▼▼▼
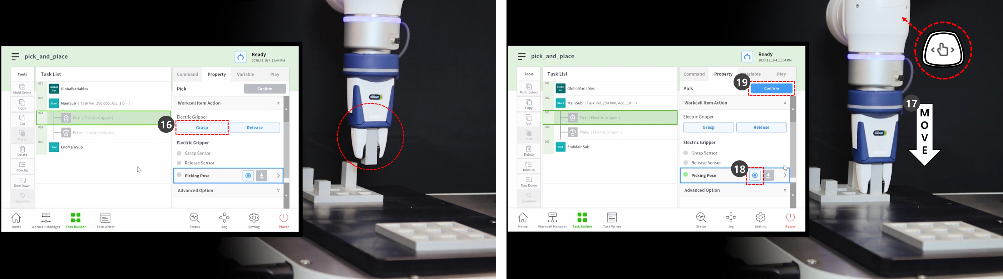 - Use direct teaching to move the robot to the point where Pick will be performed.
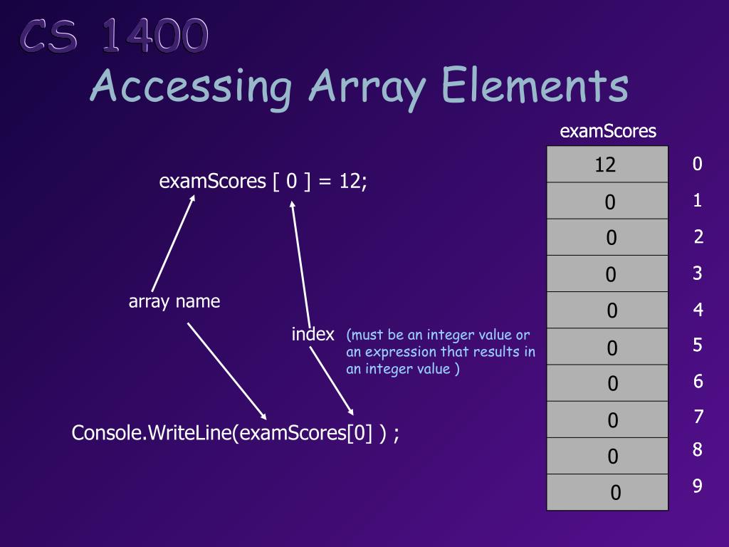 0 0 1 1 2 2 3 3 4 4 5 5 6 6 7 7 8 8 9 9 Accessing Array Elements examScores examScores 12 12 examScores [ 0 ] = 12; 0 0 0 array name 0 index (must be an integer value or an expression that results in an integer value ) 0 0 0 Console.WriteLine(examScores[0] ) ; 0 0
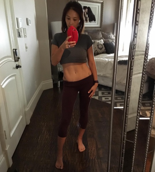 사진 속 하원미는 평소 운동으로 단련된 일자 복근을 선보이며 남다른 몸매를 과시하고 있다.
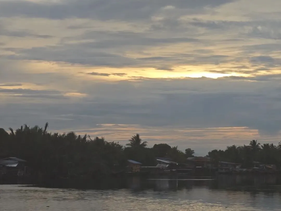 多云天气,没有落日, 看到的一抹晚霞。
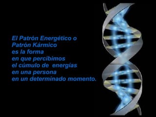 El documento describe el Patrón Energético o Patrón Kármico como la forma en que se percibe la acumulación de energías en una persona en un momento dado. Explica que esta energía se ha ido desarrollando y fortaleciendo a través de las diferentes existencias, y que atrae a las personas a situaciones y circunstancias perfectas para equilibrar sus energías. También menciona que las cualidades humanas como el amor y la dignidad son inherentes a la esencia humana y no se pueden perder, aunque a veces necesitan des
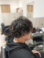 動きが出にくいお客様にツイストスパイラルパーマ。パサつきやすいパーマなので、スタイリング剤等で艶感出しましょう。
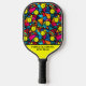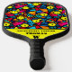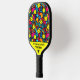On both sides of the paddle, a vibrant array of geometric shapes, predominantly triangles, creates a captivating visual. The triangles form the foundation of the pattern, creating an energetic grid-like backdrop. The lively colours include bright shades of green and blue, representing the pickleball court and the sky. The bold black borders provide a sharp contrast, reinforcing the structure of the design.
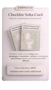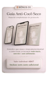 Não. O Protocolo Cocô sem Dor não envolve remédios, cápsulas, cardápios ou receitas milagrosas. É um método prático para preparar o corpo antes e na hora de ir ao banheiro, reduzindo dor e esforço.
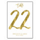 Tarjetas de número de tabla boda - Número 22 - con efecto de Relieve metalizado dorado (imitación, impresión como imagen) y texto de personalizable - puede añadir el nombre de la novia y del novio y la fecha de boda impresa en fondo blanco
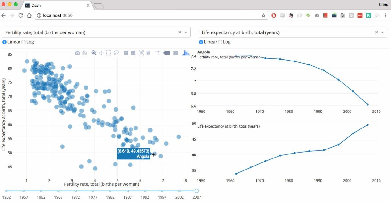 Dash apps are very lightweight, requiring only a limited number of lines of Python or R code; and every aesthetic element can be customized and rendered in the web. It’s also not just for dashboards. You have full control over the look and feel of your apps, so you can style them to look any way you want.
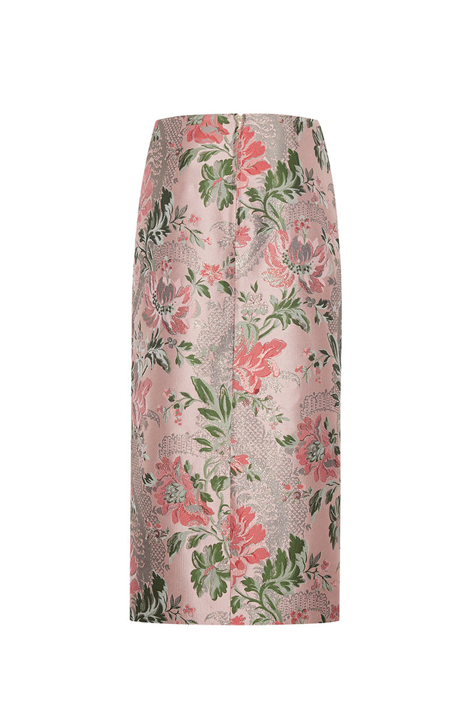 Midi-length fitted pencil skirt in vintage floral jacquard. Center back zipper with hook-and-eye closure. Center back vent. Darts at front and back for a waisted look. Fully lined.
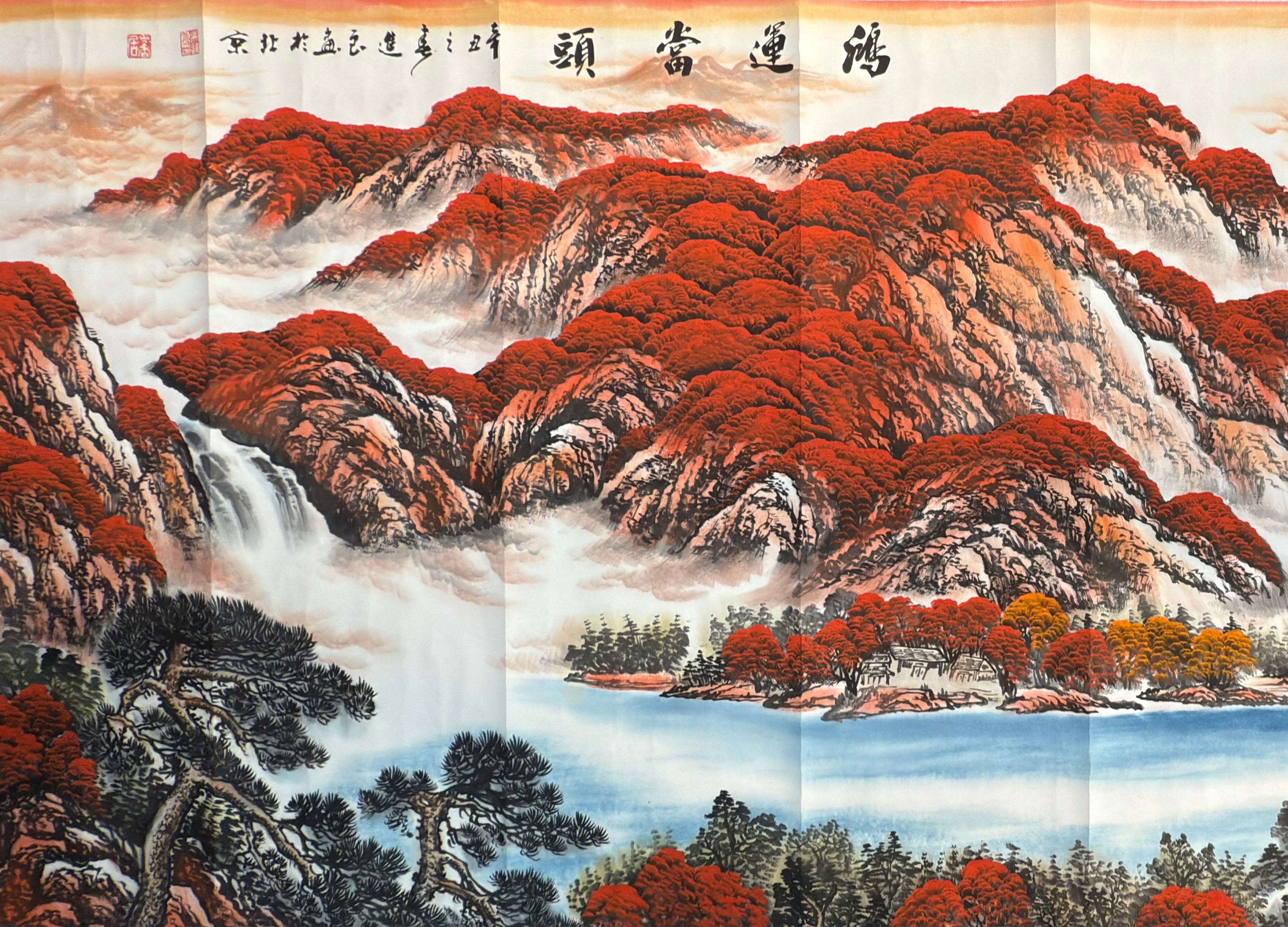 这幅《鸿运当头图》的现代山水画,是艺术家吴进良的代表作之一。作品尺寸宏大,规格为235.5 cm
▲▲▲
TO DO
Copy exactly, without pictures, the lines above from the one with "Não. O Protocolo" down to the one with "Dash apps are", inclusive.

PROBLEM SOLUTION
 Não. O Protocolo Cocô sem Dor não envolve remédios, cápsulas, cardápios ou receitas milagrosas. É um método prático para preparar o corpo antes e na hora de ir ao banheiro, reduzindo dor e esforço.
 Tarjetas de número de tabla boda - Número 22 - con efecto de Relieve metalizado dorado (imitación, impresión como imagen) y texto de personalizable - puede añadir el nombre de la novia y del novio y la fecha de boda impresa en fondo blanco
 Dash apps are very lightweight, requiring only a limited number of lines of Python or R code; and every aesthetic element can be customized and rendered in the web. It’s also not just for dashboards. You have full control over the look and feel of your apps, so you can style them to look any way you want.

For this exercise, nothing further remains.